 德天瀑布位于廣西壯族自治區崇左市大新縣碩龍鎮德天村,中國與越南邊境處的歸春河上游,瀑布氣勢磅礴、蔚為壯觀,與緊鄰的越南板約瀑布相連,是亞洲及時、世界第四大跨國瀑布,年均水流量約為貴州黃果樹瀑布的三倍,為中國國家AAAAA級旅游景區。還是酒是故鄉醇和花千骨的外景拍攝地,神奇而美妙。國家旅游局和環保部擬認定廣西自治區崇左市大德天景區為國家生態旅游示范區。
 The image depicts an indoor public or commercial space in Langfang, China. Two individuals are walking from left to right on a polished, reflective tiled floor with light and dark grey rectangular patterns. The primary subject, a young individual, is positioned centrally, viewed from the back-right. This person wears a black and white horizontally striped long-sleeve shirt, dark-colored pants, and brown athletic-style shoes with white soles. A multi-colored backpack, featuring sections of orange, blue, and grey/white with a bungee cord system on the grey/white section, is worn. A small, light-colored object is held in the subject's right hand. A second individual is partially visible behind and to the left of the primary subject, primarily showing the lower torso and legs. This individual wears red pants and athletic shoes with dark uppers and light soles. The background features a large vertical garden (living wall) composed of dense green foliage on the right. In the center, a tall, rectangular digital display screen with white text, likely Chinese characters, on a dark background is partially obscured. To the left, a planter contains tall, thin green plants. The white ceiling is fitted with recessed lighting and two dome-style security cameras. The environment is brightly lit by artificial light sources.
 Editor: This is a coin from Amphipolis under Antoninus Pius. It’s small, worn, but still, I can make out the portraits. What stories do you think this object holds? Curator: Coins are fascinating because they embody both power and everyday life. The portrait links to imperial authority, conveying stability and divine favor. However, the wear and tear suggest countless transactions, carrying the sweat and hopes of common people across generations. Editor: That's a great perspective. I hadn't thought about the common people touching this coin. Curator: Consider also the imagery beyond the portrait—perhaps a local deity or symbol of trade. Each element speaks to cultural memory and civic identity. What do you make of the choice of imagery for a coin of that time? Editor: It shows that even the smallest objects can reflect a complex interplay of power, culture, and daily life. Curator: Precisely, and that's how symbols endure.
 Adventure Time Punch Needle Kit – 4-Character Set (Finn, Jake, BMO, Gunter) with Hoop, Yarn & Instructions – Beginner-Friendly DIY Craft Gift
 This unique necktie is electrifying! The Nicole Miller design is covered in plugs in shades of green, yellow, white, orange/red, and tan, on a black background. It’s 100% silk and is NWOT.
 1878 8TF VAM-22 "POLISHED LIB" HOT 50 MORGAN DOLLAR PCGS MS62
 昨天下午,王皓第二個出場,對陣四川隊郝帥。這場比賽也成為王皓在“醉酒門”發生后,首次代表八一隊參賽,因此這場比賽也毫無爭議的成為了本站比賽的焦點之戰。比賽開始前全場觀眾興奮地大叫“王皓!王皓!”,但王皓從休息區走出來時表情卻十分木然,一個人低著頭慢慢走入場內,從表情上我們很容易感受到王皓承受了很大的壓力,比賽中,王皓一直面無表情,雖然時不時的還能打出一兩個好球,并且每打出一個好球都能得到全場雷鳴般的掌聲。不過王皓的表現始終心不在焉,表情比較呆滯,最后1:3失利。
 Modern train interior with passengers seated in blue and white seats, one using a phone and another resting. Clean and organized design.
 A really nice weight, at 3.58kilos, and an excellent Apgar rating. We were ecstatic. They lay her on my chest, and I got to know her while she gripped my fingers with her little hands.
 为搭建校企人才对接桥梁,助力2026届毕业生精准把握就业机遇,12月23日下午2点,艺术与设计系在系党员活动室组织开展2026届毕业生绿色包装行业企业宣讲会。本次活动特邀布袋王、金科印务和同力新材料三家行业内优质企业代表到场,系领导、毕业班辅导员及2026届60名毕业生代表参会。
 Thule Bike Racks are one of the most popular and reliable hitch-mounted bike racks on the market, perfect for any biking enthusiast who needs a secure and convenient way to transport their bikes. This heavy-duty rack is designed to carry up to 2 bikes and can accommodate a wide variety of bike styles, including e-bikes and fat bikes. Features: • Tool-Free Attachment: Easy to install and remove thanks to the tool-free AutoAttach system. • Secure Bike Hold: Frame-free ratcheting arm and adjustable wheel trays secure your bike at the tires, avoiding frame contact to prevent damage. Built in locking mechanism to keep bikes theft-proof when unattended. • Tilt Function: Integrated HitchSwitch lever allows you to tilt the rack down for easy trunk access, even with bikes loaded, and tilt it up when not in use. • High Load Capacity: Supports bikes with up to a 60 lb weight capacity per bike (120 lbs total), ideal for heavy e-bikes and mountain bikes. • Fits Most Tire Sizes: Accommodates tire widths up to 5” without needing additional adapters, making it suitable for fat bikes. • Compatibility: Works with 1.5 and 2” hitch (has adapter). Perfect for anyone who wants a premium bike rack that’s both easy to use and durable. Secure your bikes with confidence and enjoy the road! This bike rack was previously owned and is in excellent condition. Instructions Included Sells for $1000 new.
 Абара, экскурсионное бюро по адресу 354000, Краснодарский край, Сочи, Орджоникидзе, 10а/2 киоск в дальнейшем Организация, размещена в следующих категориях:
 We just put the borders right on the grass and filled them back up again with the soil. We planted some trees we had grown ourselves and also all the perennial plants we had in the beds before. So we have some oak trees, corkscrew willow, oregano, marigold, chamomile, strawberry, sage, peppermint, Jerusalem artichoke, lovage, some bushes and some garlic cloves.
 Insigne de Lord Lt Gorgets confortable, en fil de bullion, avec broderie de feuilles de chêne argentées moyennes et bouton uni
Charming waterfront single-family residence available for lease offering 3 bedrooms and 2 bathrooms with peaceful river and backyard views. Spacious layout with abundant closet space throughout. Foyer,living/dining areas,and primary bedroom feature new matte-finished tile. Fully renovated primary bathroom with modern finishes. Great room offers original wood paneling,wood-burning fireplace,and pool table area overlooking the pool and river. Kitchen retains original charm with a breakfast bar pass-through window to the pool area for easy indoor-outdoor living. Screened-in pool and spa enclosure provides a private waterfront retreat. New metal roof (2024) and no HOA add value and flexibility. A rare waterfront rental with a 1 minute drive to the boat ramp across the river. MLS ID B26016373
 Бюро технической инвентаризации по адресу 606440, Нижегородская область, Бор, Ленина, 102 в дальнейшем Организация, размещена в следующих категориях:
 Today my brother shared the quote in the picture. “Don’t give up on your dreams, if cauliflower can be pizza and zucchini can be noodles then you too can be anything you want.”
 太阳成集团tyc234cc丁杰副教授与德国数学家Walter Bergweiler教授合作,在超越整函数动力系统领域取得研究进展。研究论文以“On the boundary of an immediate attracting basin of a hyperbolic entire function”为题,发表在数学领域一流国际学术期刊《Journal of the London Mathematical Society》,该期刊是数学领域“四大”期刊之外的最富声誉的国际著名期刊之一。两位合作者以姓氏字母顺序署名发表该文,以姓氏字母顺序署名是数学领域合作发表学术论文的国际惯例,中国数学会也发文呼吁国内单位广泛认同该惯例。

--------------------------------

### TASK DESCRIPTION
The whole listing above needs to be reproduced exactly.

### RESPONSE FOR THIS EXERCISE
 德天瀑布位于廣西壯族自治區崇左市大新縣碩龍鎮德天村,中國與越南邊境處的歸春河上游,瀑布氣勢磅礴、蔚為壯觀,與緊鄰的越南板約瀑布相連,是亞洲及時、世界第四大跨國瀑布,年均水流量約為貴州黃果樹瀑布的三倍,為中國國家AAAAA級旅游景區。還是酒是故鄉醇和花千骨的外景拍攝地,神奇而美妙。國家旅游局和環保部擬認定廣西自治區崇左市大德天景區為國家生態旅游示范區。
 The image depicts an indoor public or commercial space in Langfang, China. Two individuals are walking from left to right on a polished, reflective tiled floor with light and dark grey rectangular patterns. The primary subject, a young individual, is positioned centrally, viewed from the back-right. This person wears a black and white horizontally striped long-sleeve shirt, dark-colored pants, and brown athletic-style shoes with white soles. A multi-colored backpack, featuring sections of orange, blue, and grey/white with a bungee cord system on the grey/white section, is worn. A small, light-colored object is held in the subject's right hand. A second individual is partially visible behind and to the left of the primary subject, primarily showing the lower torso and legs. This individual wears red pants and athletic shoes with dark uppers and light soles. The background features a large vertical garden (living wall) composed of dense green foliage on the right. In the center, a tall, rectangular digital display screen with white text, likely Chinese characters, on a dark background is partially obscured. To the left, a planter contains tall, thin green plants. The white ceiling is fitted with recessed lighting and two dome-style security cameras. The environment is brightly lit by artificial light sources.
 Editor: This is a coin from Amphipolis under Antoninus Pius. It’s small, worn, but still, I can make out the portraits. What stories do you think this object holds? Curator: Coins are fascinating because they embody both power and everyday life. The portrait links to imperial authority, conveying stability and divine favor. However, the wear and tear suggest countless transactions, carrying the sweat and hopes of common people across generations. Editor: That's a great perspective. I hadn't thought about the common people touching this coin. Curator: Consider also the imagery beyond the portrait—perhaps a local deity or symbol of trade. Each element speaks to cultural memory and civic identity. What do you make of the choice of imagery for a coin of that time? Editor: It shows that even the smallest objects can reflect a complex interplay of power, culture, and daily life. Curator: Precisely, and that's how symbols endure.
 Adventure Time Punch Needle Kit – 4-Character Set (Finn, Jake, BMO, Gunter) with Hoop, Yarn & Instructions – Beginner-Friendly DIY Craft Gift
 This unique necktie is electrifying! The Nicole Miller design is covered in plugs in shades of green, yellow, white, orange/red, and tan, on a black background. It’s 100% silk and is NWOT.
 1878 8TF VAM-22 "POLISHED LIB" HOT 50 MORGAN DOLLAR PCGS MS62
 昨天下午,王皓第二個出場,對陣四川隊郝帥。這場比賽也成為王皓在“醉酒門”發生后,首次代表八一隊參賽,因此這場比賽也毫無爭議的成為了本站比賽的焦點之戰。比賽開始前全場觀眾興奮地大叫“王皓!王皓!”,但王皓從休息區走出來時表情卻十分木然,一個人低著頭慢慢走入場內,從表情上我們很容易感受到王皓承受了很大的壓力,比賽中,王皓一直面無表情,雖然時不時的還能打出一兩個好球,并且每打出一個好球都能得到全場雷鳴般的掌聲。不過王皓的表現始終心不在焉,表情比較呆滯,最后1:3失利。
 Modern train interior with passengers seated in blue and white seats, one using a phone and another resting. Clean and organized design.
 A really nice weight, at 3.58kilos, and an excellent Apgar rating. We were ecstatic. They lay her on my chest, and I got to know her while she gripped my fingers with her little hands.
 为搭建校企人才对接桥梁,助力2026届毕业生精准把握就业机遇,12月23日下午2点,艺术与设计系在系党员活动室组织开展2026届毕业生绿色包装行业企业宣讲会。本次活动特邀布袋王、金科印务和同力新材料三家行业内优质企业代表到场,系领导、毕业班辅导员及2026届60名毕业生代表参会。
 Thule Bike Racks are one of the most popular and reliable hitch-mounted bike racks on the market, perfect for any biking enthusiast who needs a secure and convenient way to transport their bikes. This heavy-duty rack is designed to carry up to 2 bikes and can accommodate a wide variety of bike styles, including e-bikes and fat bikes. Features: • Tool-Free Attachment: Easy to install and remove thanks to the tool-free AutoAttach system. • Secure Bike Hold: Frame-free ratcheting arm and adjustable wheel trays secure your bike at the tires, avoiding frame contact to prevent damage. Built in locking mechanism to keep bikes theft-proof when unattended. • Tilt Function: Integrated HitchSwitch lever allows you to tilt the rack down for easy trunk access, even with bikes loaded, and tilt it up when not in use. • High Load Capacity: Supports bikes with up to a 60 lb weight capacity per bike (120 lbs total), ideal for heavy e-bikes and mountain bikes. • Fits Most Tire Sizes: Accommodates tire widths up to 5” without needing additional adapters, making it suitable for fat bikes. • Compatibility: Works with 1.5 and 2” hitch (has adapter). Perfect for anyone who wants a premium bike rack that’s both easy to use and durable. Secure your bikes with confidence and enjoy the road! This bike rack was previously owned and is in excellent condition. Instructions Included Sells for $1000 new.
 Абара, экскурсионное бюро по адресу 354000, Краснодарский край, Сочи, Орджоникидзе, 10а/2 киоск в дальнейшем Организация, размещена в следующих категориях:
 We just put the borders right on the grass and filled them back up again with the soil. We planted some trees we had grown ourselves and also all the perennial plants we had in the beds before. So we have some oak trees, corkscrew willow, oregano, marigold, chamomile, strawberry, sage, peppermint, Jerusalem artichoke, lovage, some bushes and some garlic cloves.
 Insigne de Lord Lt Gorgets confortable, en fil de bullion, avec broderie de feuilles de chêne argentées moyennes et bouton uni
Charming waterfront single-family residence available for lease offering 3 bedrooms and 2 bathrooms with peaceful river and backyard views. Spacious layout with abundant closet space throughout. Foyer,living/dining areas,and primary bedroom feature new matte-finished tile. Fully renovated primary bathroom with modern finishes. Great room offers original wood paneling,wood-burning fireplace,and pool table area overlooking the pool and river. Kitchen retains original charm with a breakfast bar pass-through window to the pool area for easy indoor-outdoor living. Screened-in pool and spa enclosure provides a private waterfront retreat. New metal roof (2024) and no HOA add value and flexibility. A rare waterfront rental with a 1 minute drive to the boat ramp across the river. MLS ID B26016373
 Бюро технической инвентаризации по адресу 606440, Нижегородская область, Бор, Ленина, 102 в дальнейшем Организация, размещена в следующих категориях:
 Today my brother shared the quote in the picture. “Don’t give up on your dreams, if cauliflower can be pizza and zucchini can be noodles then you too can be anything you want.”
 太阳成集团tyc234cc丁杰副教授与德国数学家Walter Bergweiler教授合作,在超越整函数动力系统领域取得研究进展。研究论文以“On the boundary of an immediate attracting basin of a hyperbolic entire function”为题,发表在数学领域一流国际学术期刊《Journal of the London Mathematical Society》,该期刊是数学领域“四大”期刊之外的最富声誉的国际著名期刊之一。两位合作者以姓氏字母顺序署名发表该文,以姓氏字母顺序署名是数学领域合作发表学术论文的国际惯例,中国数学会也发文呼吁国内单位广泛认同该惯例。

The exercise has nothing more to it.